Deadlocks happen when two or more database tasks wait for each other to finish, causing a standstill. Detecting and preventing deadlocks helps keep the database running smoothly without freezing.

When multiple users try to update the same data at the same time.
When transactions lock resources in different orders causing a cycle.
When you want to ensure your application handles database conflicts gracefully.
When you notice your database queries sometimes hang or fail unexpectedly.
When designing systems that require high concurrency and data integrity.
Syntax
PostgreSQL
-- PostgreSQL automatically detects deadlocks and aborts one transaction.
-- To prevent deadlocks, use consistent locking order and short transactions.

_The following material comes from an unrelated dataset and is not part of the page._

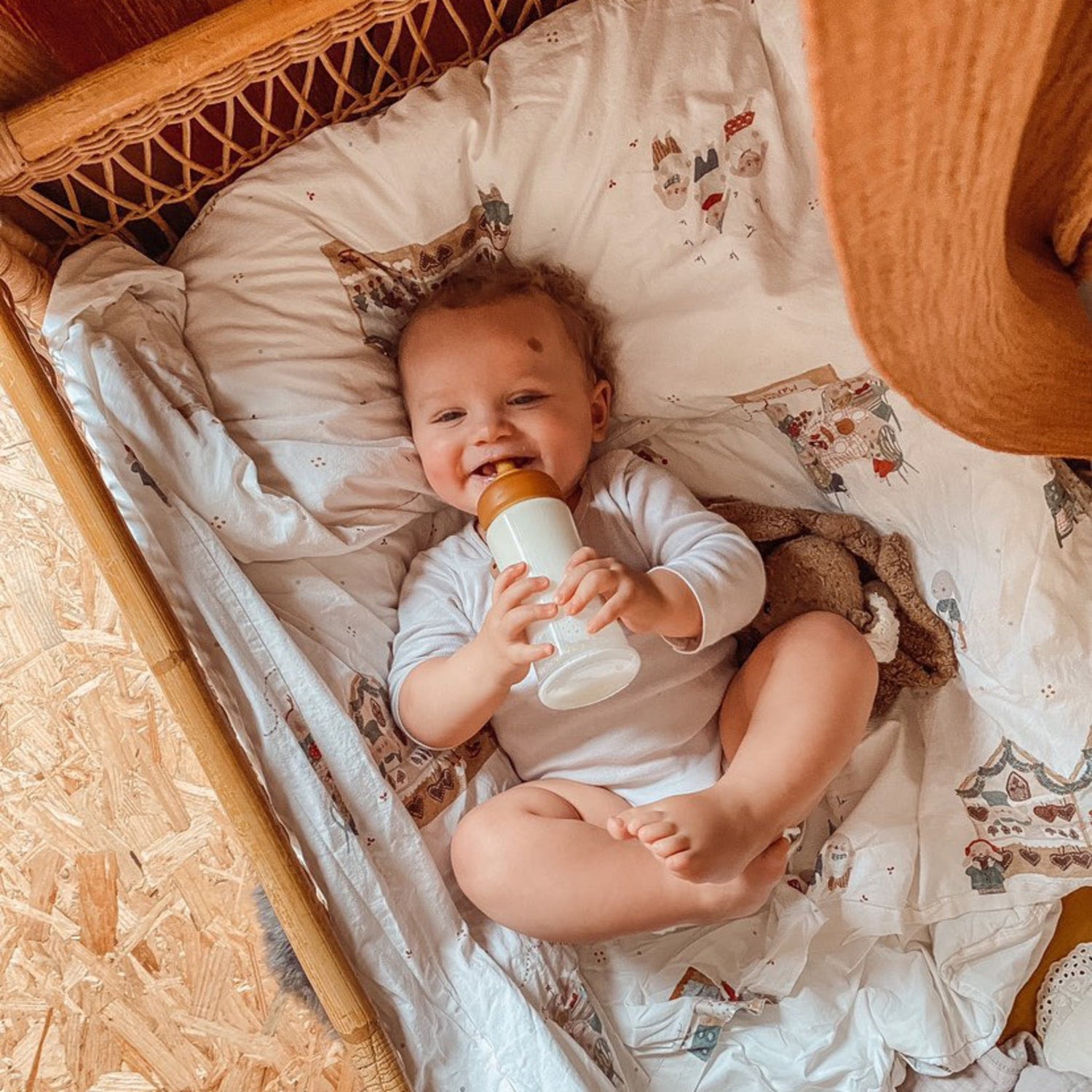 The one-piece design nipple is made entirely from our beloved 100% natural rubber, and seals onto the bottle neck perfectly tight - making additional plastic accessories unnecessary!

-- Example: Lock rows in the same order in all transactions
BEGIN;
SELECT * FROM accounts WHERE id IN (1, 2) FOR UPDATE;
-- perform updates
COMMIT;

PostgreSQL detects deadlocks automatically and aborts one of the conflicting transactions.

Prevent deadlocks by accessing tables and rows in the same order in all transactions.

Examples
This transaction locks account 1 first, then account 2, preventing deadlocks if all transactions follow this order.
PostgreSQL
BEGIN;
SELECT * FROM accounts WHERE id = 1 FOR UPDATE;
SELECT * FROM accounts WHERE id = 2 FOR UPDATE;
-- update balances
COMMIT;
This transaction locks account 2 first, then account 1, which can cause deadlocks if another transaction locks in reverse order.
PostgreSQL
BEGIN;
SELECT * FROM accounts WHERE id = 2 FOR UPDATE;
SELECT * FROM accounts WHERE id = 1 FOR UPDATE;
-- update balances
COMMIT;
This query shows current sessions waiting for locks, helping to identify deadlock situations.
PostgreSQL
-- To detect deadlocks, check PostgreSQL logs or use:
SELECT * FROM pg_stat_activity WHERE wait_event_type = 'Lock';
Sample Program

This example shows two sessions locking rows in opposite order, causing a deadlock. PostgreSQL detects it and aborts one transaction to resolve the deadlock.

PostgreSQL
-- Simulate deadlock detection
-- Session 1
BEGIN;
SELECT * FROM accounts WHERE id = 1 FOR UPDATE;

-- Session 2
BEGIN;
SELECT * FROM accounts WHERE id = 2 FOR UPDATE;

-- Session 1 tries to lock account 2
SELECT * FROM accounts WHERE id = 2 FOR UPDATE;
-- Session 2 tries to lock account 1
SELECT * FROM accounts WHERE id = 1 FOR UPDATE;

-- PostgreSQL detects deadlock and aborts one transaction automatically.
OutputSuccess
Important Notes

Keep transactions short to reduce deadlock chances.

Use consistent locking order in your application code.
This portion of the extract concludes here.